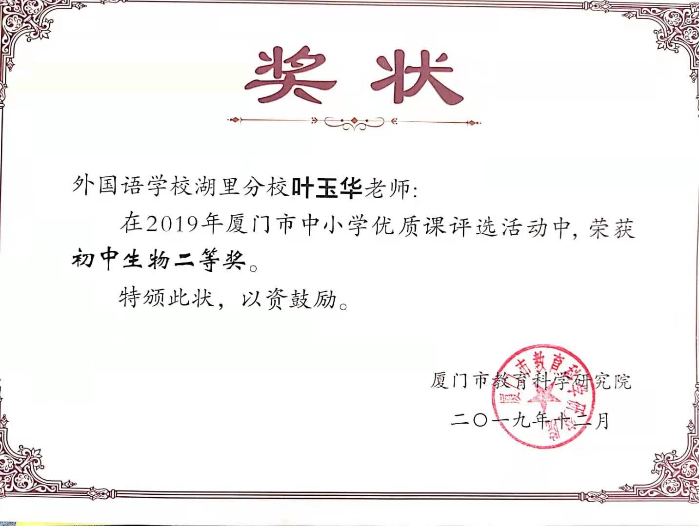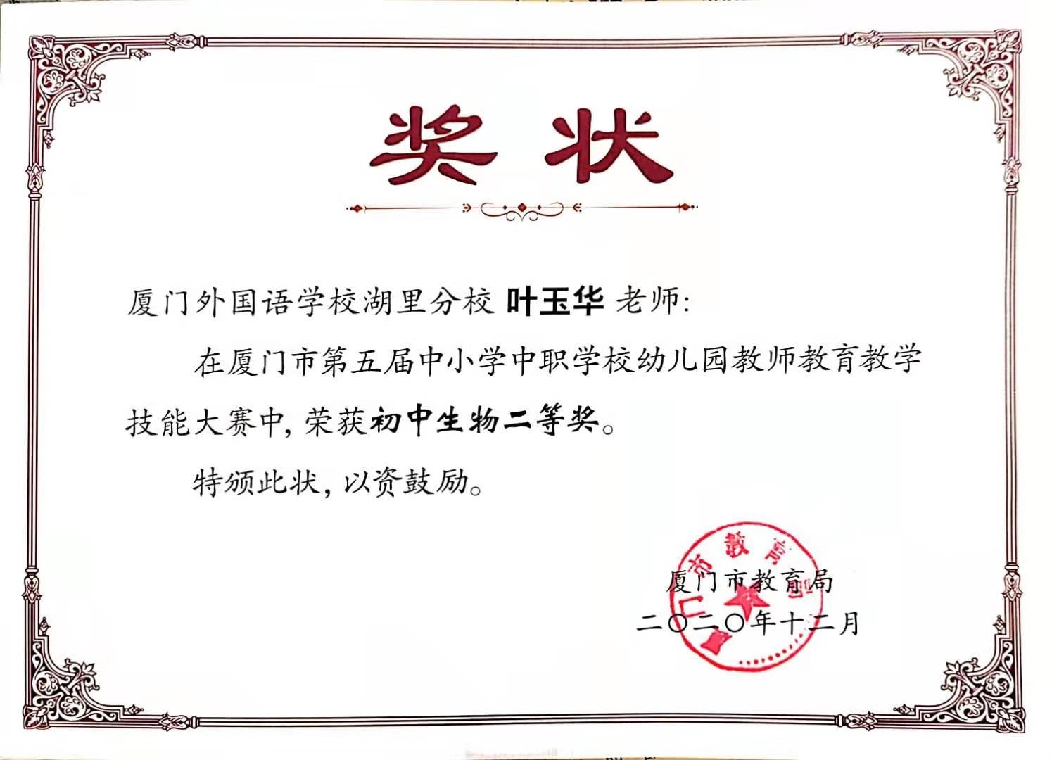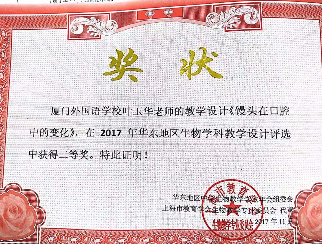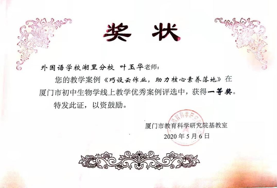 学姐目前就职于厦门外国语学校湖里分校,任2019级的级段长。在职期间,她获得过厦门市湖里区优秀教师、优秀班主任等荣誉称号;担任班主任期间,所带班级被评选为厦门市优秀少先中队、湖里区优秀团支部;在教学方面,荣获福建省复习微课二等奖,厦门市教师技能赛二等奖,厦门市优质课评比二等奖,等30余项奖项。
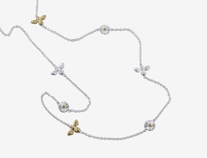 This is simply divine - a longer length'Daisy and Bee Necklace in Sterling Silver and Gold'plate detail that really highlights the intricate design. Four bees sit along side three delicate daisies on an adjustable chain that sits a little longer on the neck so can be worn over clothes and layered with other necklaces.
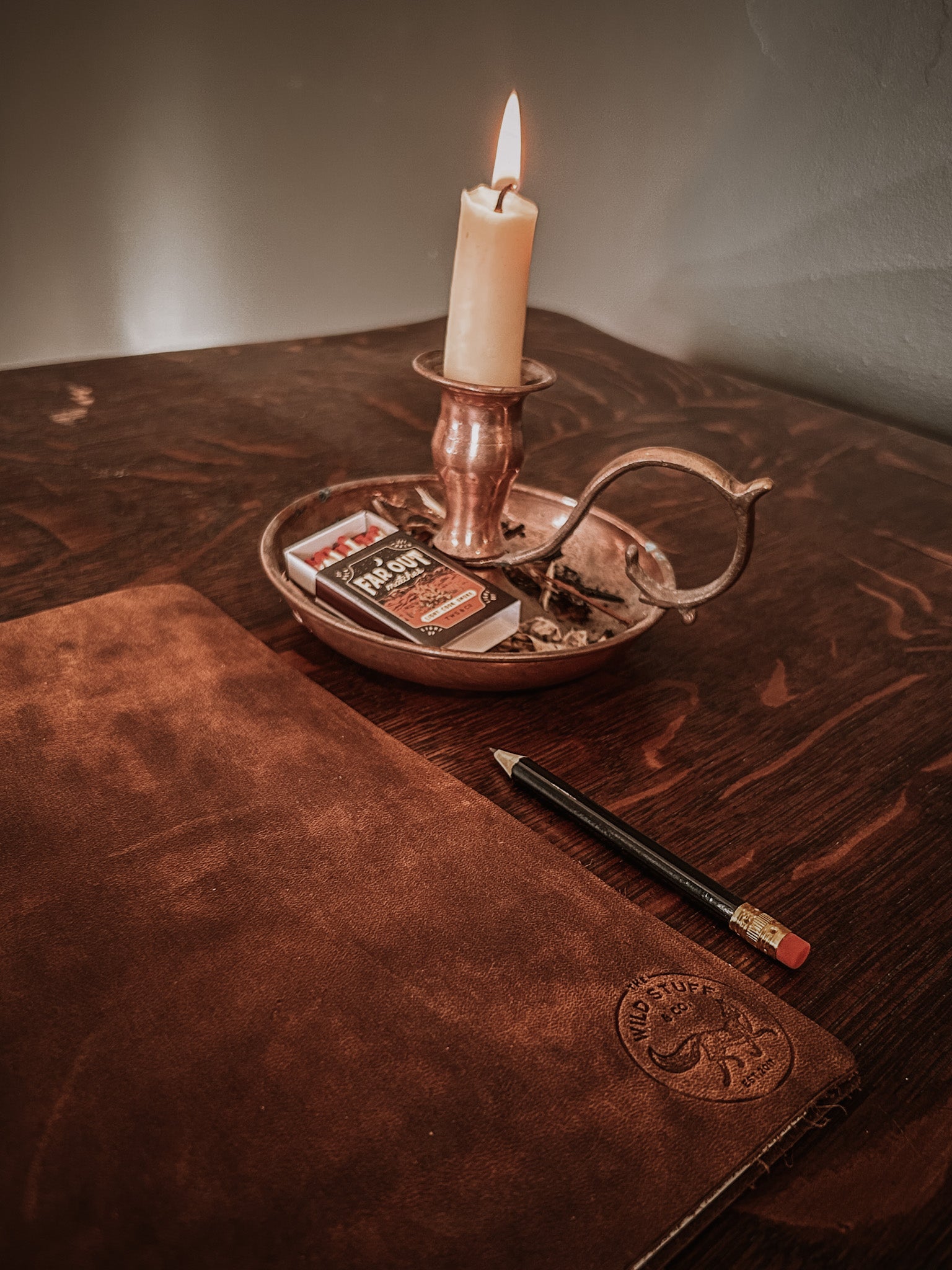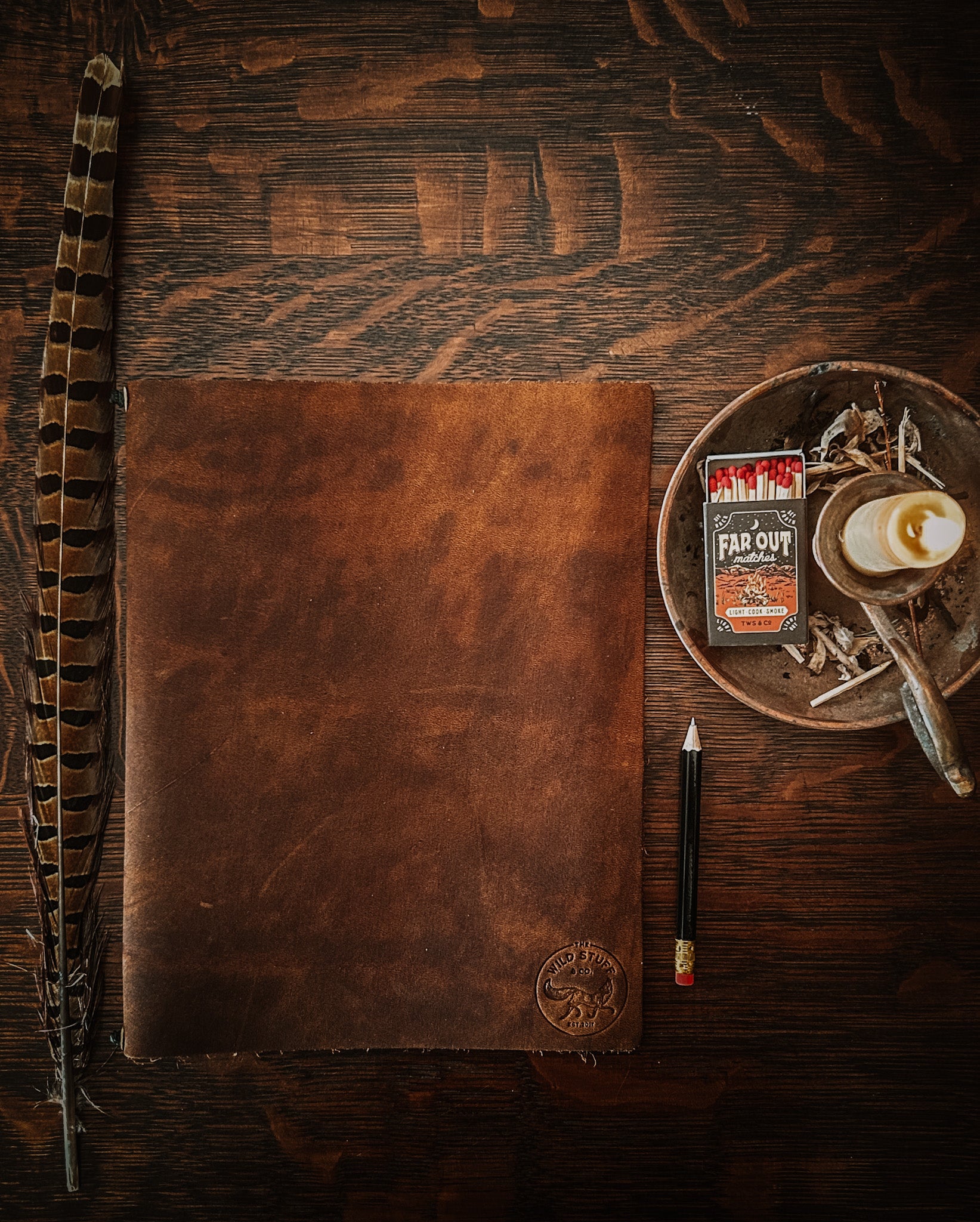 A slim leather cover equipped with our TWS blank notbook. The perfect journal to write your lists, stories, dreams and more.... Accompanied with Brass Washers and olive paracord to secure each notebook.
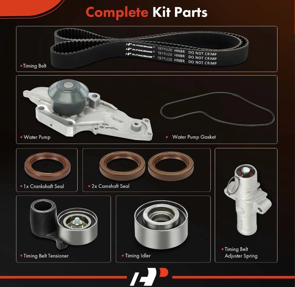 VenmoBrand new A-Premium 8 piece Timing Belt Kit & Water Pump for Honda Accord, Pilot, Odyssey, Ridgeline and Crosstour and Acura MDX, RDX, RL, TL, and TSX. All the specific years are in the pictures. Asking $85. Text if interested 801-903-8337
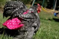 鸡尿不湿和鸡马鞍在美国,很多城市法律规定不能在院子里养鸡。或者条件非常苛刻。比如:鸡舍(coop)必须离房产地界至少100英尺(1英尺0.3米),每只鸡“室内面积”平均不能少于2平方英尺,冬天须有取暖设备。又比如:不可养公鸡(rooster),免得清晨过分卖力地叫人起床;养鸡前必须征得邻居同意;等等。照..
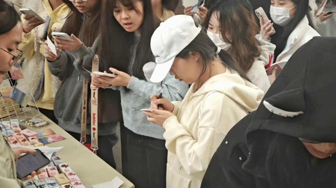 完成祝福书写后,同学们围在桌前认真挑选心仪的积木,为自己的春日创作攒满灵感。眼里满是期待与雀跃。工作人员在一旁耐心引导,为大家介绍不同积木的创意玩法,现场欢声笑语不断,满是轻松治愈的氛围。
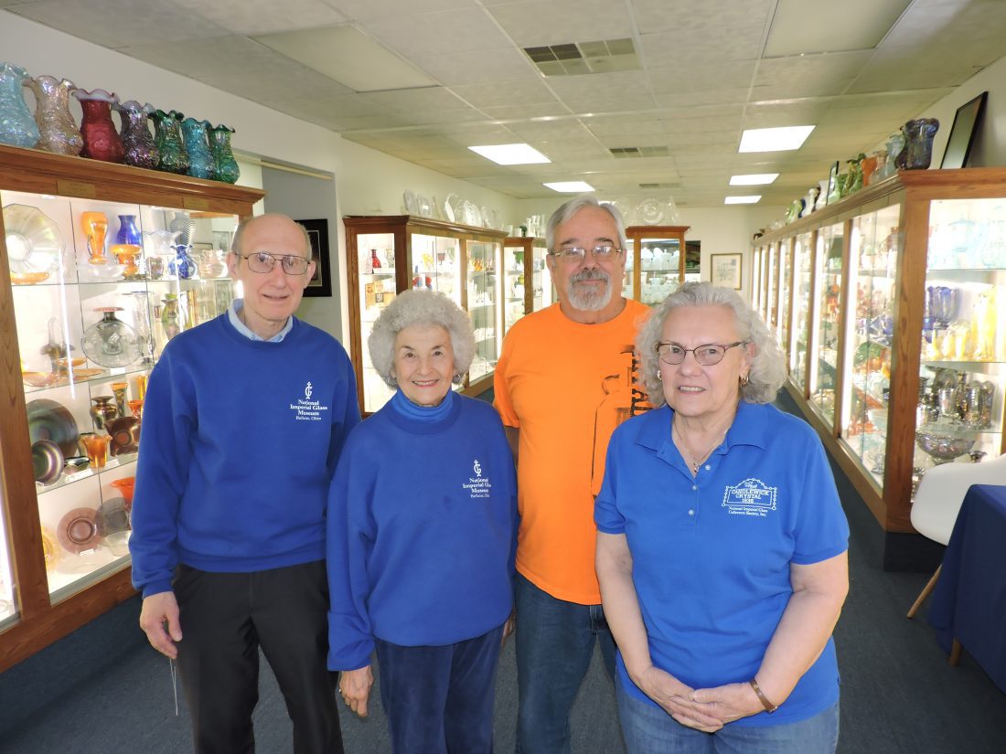 T-L Photo/SHELLEY HANSON NATIONAL IMPERIAL Glass Museum volunteers, from left, Fred Ottoson, Rosalie Wenckoski, Steve Fabry and Mary Blacker pose inside the museum now open for the season in Bellaire.
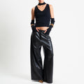 Haveone-Maglia collo montato scollo v con manicotti - nero
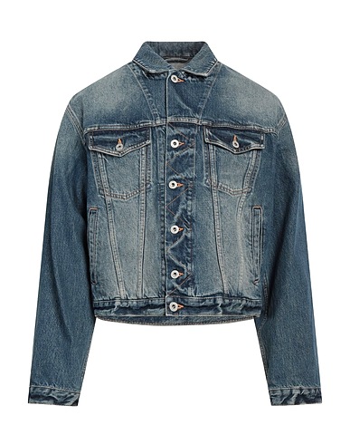 denim, faded, brand logo, solid colour, medium wash, classic collar, single-breasted , long sleeves, unlined, button closing, multipockets, large sized
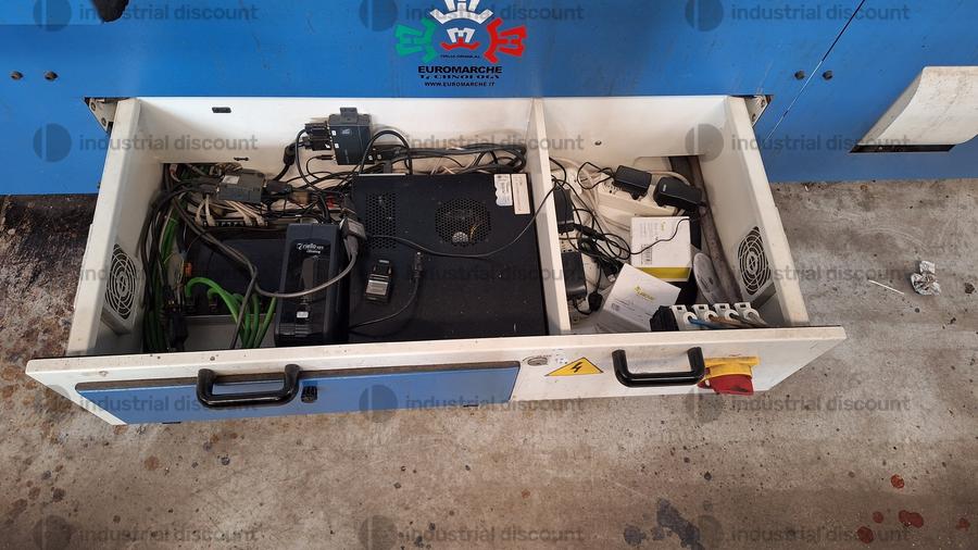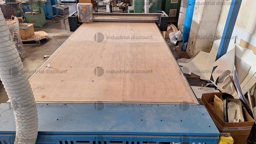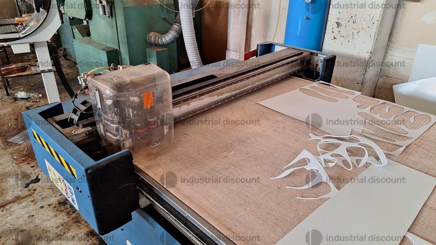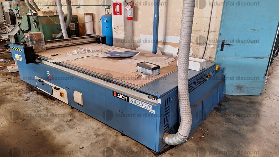 Lotto composto da macchina da taglio automatica Atom Flash Cut Flex completa di quadro comandi, due proiettori, serbatoio aria e tappeto nuovo per piano taglio.

------------------------------------------------------------

Go through the listing above and write it out again exactly, dropping the pictures.

# TASK RESPONSE
 学姐目前就职于厦门外国语学校湖里分校,任2019级的级段长。在职期间,她获得过厦门市湖里区优秀教师、优秀班主任等荣誉称号;担任班主任期间,所带班级被评选为厦门市优秀少先中队、湖里区优秀团支部;在教学方面,荣获福建省复习微课二等奖,厦门市教师技能赛二等奖,厦门市优质课评比二等奖,等30余项奖项。
 This is simply divine - a longer length'Daisy and Bee Necklace in Sterling Silver and Gold'plate detail that really highlights the intricate design. Four bees sit along side three delicate daisies on an adjustable chain that sits a little longer on the neck so can be worn over clothes and layered with other necklaces.
 A slim leather cover equipped with our TWS blank notbook. The perfect journal to write your lists, stories, dreams and more.... Accompanied with Brass Washers and olive paracord to secure each notebook.
 VenmoBrand new A-Premium 8 piece Timing Belt Kit & Water Pump for Honda Accord, Pilot, Odyssey, Ridgeline and Crosstour and Acura MDX, RDX, RL, TL, and TSX. All the specific years are in the pictures. Asking $85. Text if interested 801-903-8337
 鸡尿不湿和鸡马鞍在美国,很多城市法律规定不能在院子里养鸡。或者条件非常苛刻。比如:鸡舍(coop)必须离房产地界至少100英尺(1英尺0.3米),每只鸡“室内面积”平均不能少于2平方英尺,冬天须有取暖设备。又比如:不可养公鸡(rooster),免得清晨过分卖力地叫人起床;养鸡前必须征得邻居同意;等等。照..
 完成祝福书写后,同学们围在桌前认真挑选心仪的积木,为自己的春日创作攒满灵感。眼里满是期待与雀跃。工作人员在一旁耐心引导,为大家介绍不同积木的创意玩法,现场欢声笑语不断,满是轻松治愈的氛围。
 T-L Photo/SHELLEY HANSON NATIONAL IMPERIAL Glass Museum volunteers, from left, Fred Ottoson, Rosalie Wenckoski, Steve Fabry and Mary Blacker pose inside the museum now open for the season in Bellaire.
 Haveone-Maglia collo montato scollo v con manicotti - nero
 denim, faded, brand logo, solid colour, medium wash, classic collar, single-breasted , long sleeves, unlined, button closing, multipockets, large sized
 Lotto composto da macchina da taglio automatica Atom Flash Cut Flex completa di quadro comandi, due proiettori, serbatoio aria e tappeto nuovo per piano taglio.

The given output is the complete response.